"Oh, if it's about money, I do not mind. That is a thing which must be attended to. But Stacy, dear, don't let them keep you long; but go at onst, and right back."
"The moment those rich old fellows will let me off—the very moment, dear!" cried the model husband, waving his hand airily toward the bed, and taking up both hat and cane; "so try and sleep."
CHAPTER XXVIII.
JUST FIFTY POUNDS.
Mrs. Stacy, thus reminded of her own needs, began to moan softly among her pillows, and called out to the walls and windows that she wished, if that pain was going to keep on so, that she never had been born. If it wasn't that she had the very best husband that ever drew breath, she would just give up, and want to die; but for his sake she would try and worry through.
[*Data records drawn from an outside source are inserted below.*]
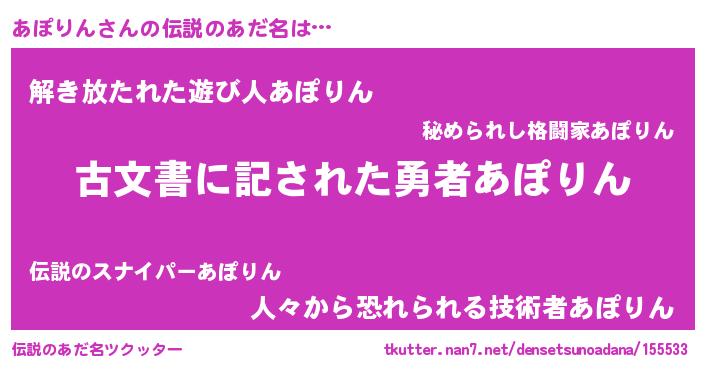 | ヒーロー風カッコイイあだ名 | 『ネオアポリン』『仮面アポダー』 |
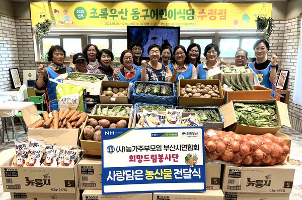 농협부산본부(본부장 이수철, 이하 부산농협)은 지난 8일 부산 동구 소재 초록우산어린이재단 부산종합사회복지관에서 농가주부모임 부산시연합회(회장 박미숙)와 함께 ‘사랑담은 농산물 전달식’을 가졌다.
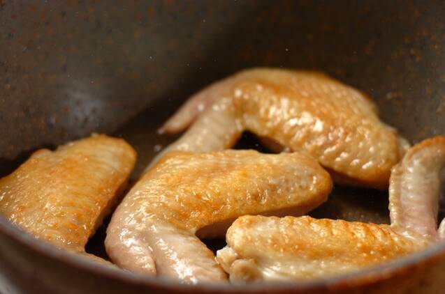 鍋にゴマ油を中火で熱し、鶏手羽先を皮目からこんがりと焼き色がつくまで焼く。
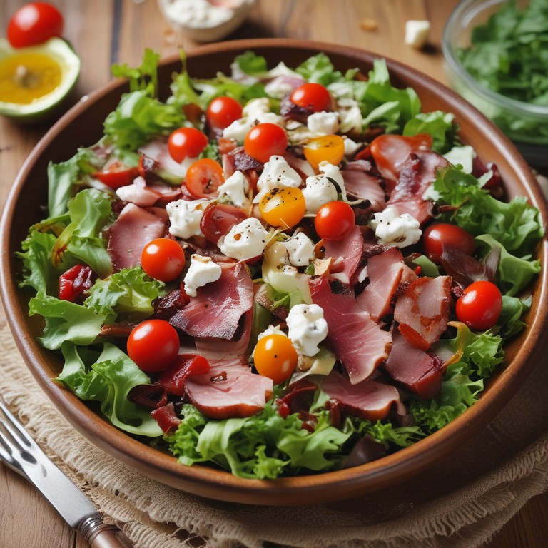 Une délicieuse salade composée de lardons croustillants, de salade verte fraîche, de tomates cerises et de fromage de chèvre, le tout assaisonné d'une vinaigrette à la moutarde.
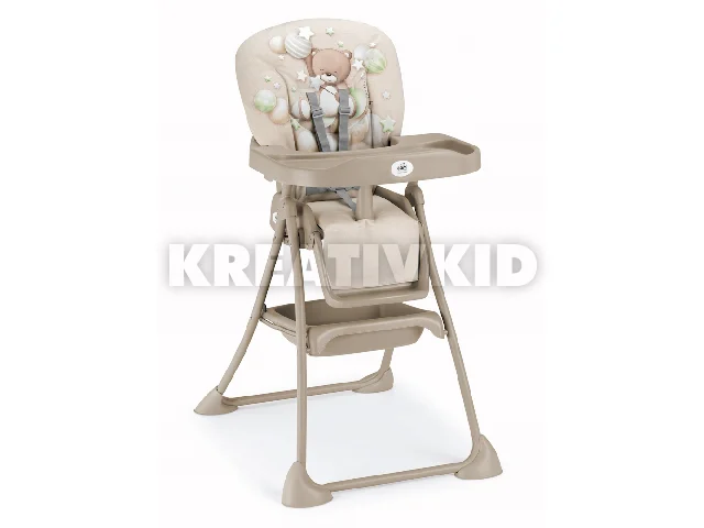 3 pozícióban dönthetõ háttámla; 2 pozícióban állítható lábtartó; széles, állítható tálca; puha huzat; 5 pontos biztonsági öv; tárolókosár. A mûanyag részeket egyszerûen tisztíthatod egy nedves ruha segítségével. Könnyedén kompakt méretûre csukható.
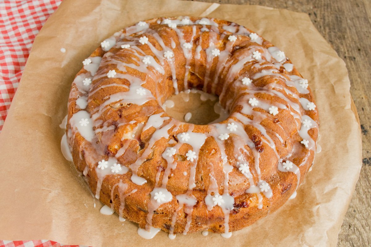 Поливаем холодный пирог лимонной глазурью, украшаем кондитерской посыпкой.
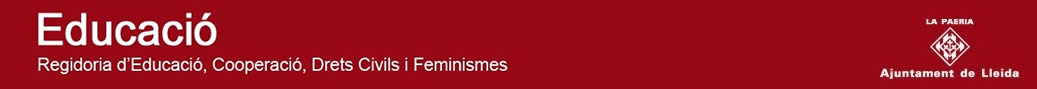 Regidoria d’Educació, Cooperació, Drets Civils i FeminismesAjuntament de LleidaC/ Bisbe Torres, 2 · 25002 LleidaTelèfon: 973 700 618 Fax: 973 700 619e-mail: educacio@paeria.cat
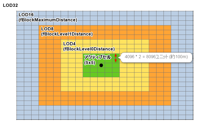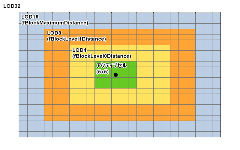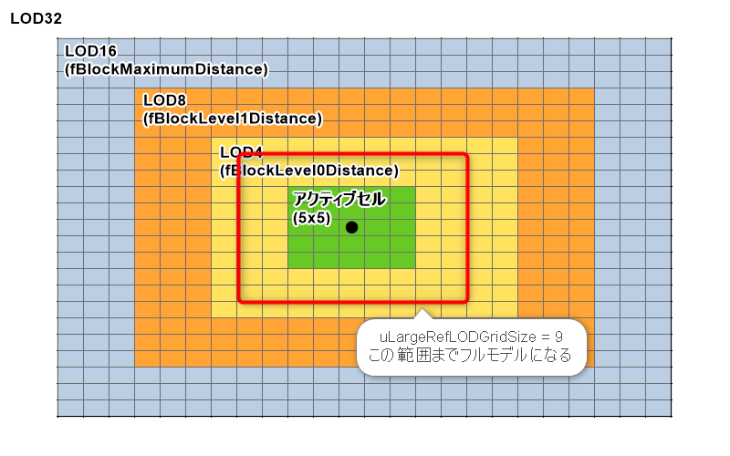 アクティブセルはLODではなくフルモデルが描画される領域です。これはプレイヤーの周囲5×5セル固定です。
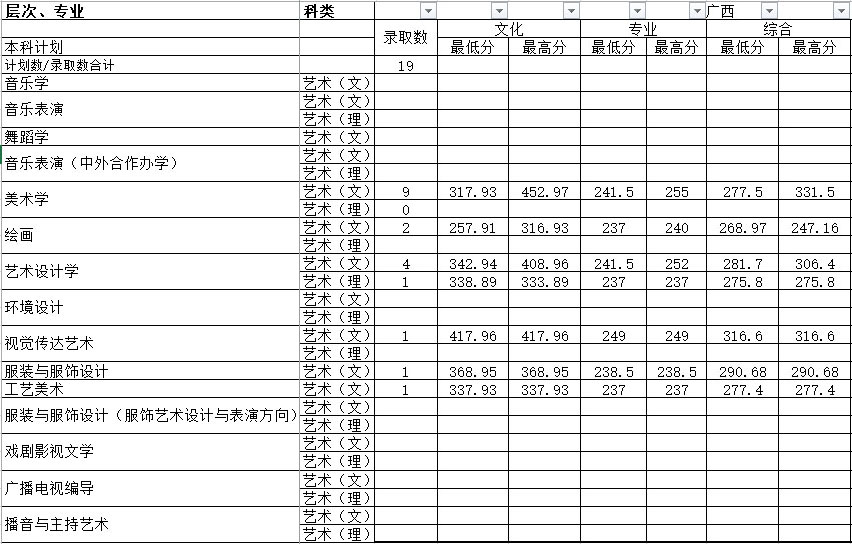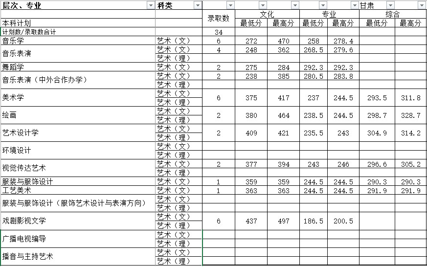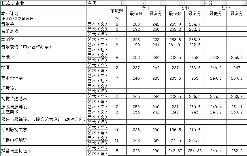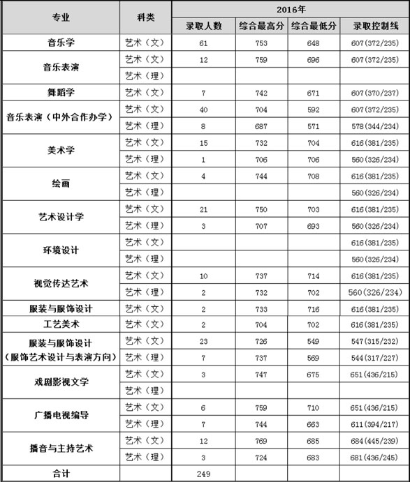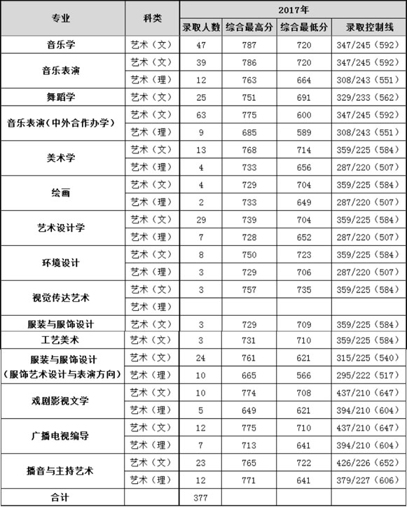 湖南师范大学2017年省外艺术类本科专业录取分数线

Stacy was far out of reach both of the moans and this conjugal tribute to his goodness, for he had hastened to join that bank messenger who, somehow, took the form of his old sweetheart, and shaded him now and then with a coquettish bend of her parasol.
"Found your cane," observed Maggie, glancing at the ponderous gold-headed affair in the hand of her old lover.
"Oh, yes; no trouble; had just stood it up in a corner of the parlor."
Maggie laughed a little under the cover of her parasol, but kept a discreet silence about the locked door until she was snugly seated in the park, with Stacy crowded close to her side.
"Ah," he said, heaving a sigh that lifted the white vest like a snow-bank, "this is something like happiness! If you could only know what your haughtiness has driven me to—but it is no use trying to make you understand! Look at me, Miss Maggie! Am I the same man that adored you so? Don't answer. I am, I am, for—Harriet, forgive me, I love you yet—I love you yet!"